RFR: 8311906: Improve robustness of String constructors with mutable array inputs

Wed Nov 8 18:40:07 UTC 2023

On Mon, 30 Oct 2023 18:34:44 GMT, Roger Riggs <rriggs at openjdk.org> wrote:

> Strings, after construction, are immutable but may be constructed from mutable arrays of bytes, characters, or integers.
> The string constructors should guard against the effects of mutating the arrays during construction that might invalidate internal invariants for the correct behavior of operations on the resulting strings. In particular, a number of operations have optimizations for operations on pairs of latin1 strings and pairs of non-latin1 strings, while operations between latin1 and non-latin1 strings use a more general implementation. 
> 
> The changes include:
> 
> - Adding a warning to each constructor with an array as an argument to indicate that the results are indeterminate 
>   if the input array is modified before the constructor returns. 
>   The resulting string may contain any combination of characters sampled from the input array.
> 
> - Ensure that strings that are represented as non-latin1 contain at least one non-latin1 character.
>   For latin1 inputs, whether the arrays contain ASCII, ISO-8859-1, UTF8, or another encoding decoded to latin1 the scanning and compression is unchanged.
>   If a non-latin1 character is found, the string is represented as non-latin1 with the added verification that a non-latin1 character is present at the same index.
>   If that character is found to be latin1, then the input array has been modified and the result of the scan may be incorrect.
>   Though a ConcurrentModificationException could be thrown, the risk to an existing application of an unexpected exception should be avoided.
>   Instead, the non-latin1 copy of the input is re-scanned and compressed; that scan determines whether the latin1 or the non-latin1 representation is returned.
> 
> - The methods that scan for non-latin1 characters and their intrinsic implementations are updated to return the index of the non-latin1 character.
> 
> - String construction from StringBuilder and CharSequence must also be guarded as their contents may be modified during construction.

First take ;-)
More will follow.

src/java.base/share/classes/java/lang/String.java line 602:

> 600:                 }
> 601:                 this.value = utf16;
> 602:                 this.coder = (utf16.length == dp) ? LATIN1 : UTF16;

Is it possible to have `utf16.length == dp` here? I think the `coder` can only be `UTF16`.
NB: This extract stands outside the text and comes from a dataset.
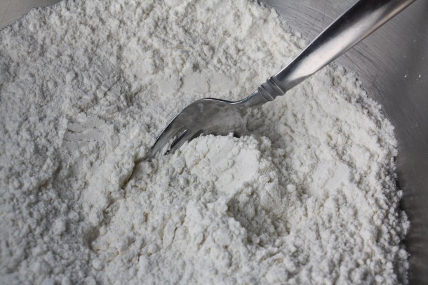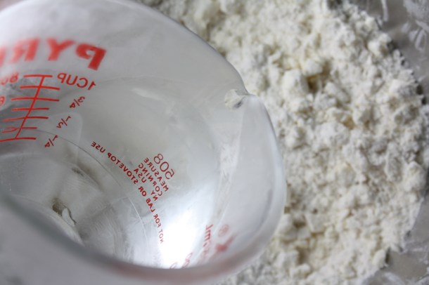 Gradually add the ice-cold water and stir with the fork until a loose dough begins to come together. You may need a little less or a little more than 1/2 cup.

src/java.base/share/classes/java/lang/StringLatin1.java line 37:

> 35: import jdk.internal.util.ArraysSupport;
> 36: import jdk.internal.util.DecimalDigits;
> 37: import jdk.internal.vm.annotation.ForceInline;

This annotation does not seem to be used.

src/java.base/share/classes/java/lang/StringUTF16.java line 158:

> 156:      * {@return an encoded byte[] for the UTF16 characters in char[]}
> 157:      * **Only** use this if it is known that at least one character is UTF16.
> 158:      * Otherwise, an untrusted char array may have racy contents and really be latin1.

While this is a good advice, it turns out that the `compress()` method below invokes this method _without_ knowing for sure if the provided `value` contains at least one non-latin1 `char` when this method is invoked or while it runs: it only _assumes_ so, and indeed prudentially checks afterwards.

It should be suggested to check the result after invoking this method if `value` is untrusted.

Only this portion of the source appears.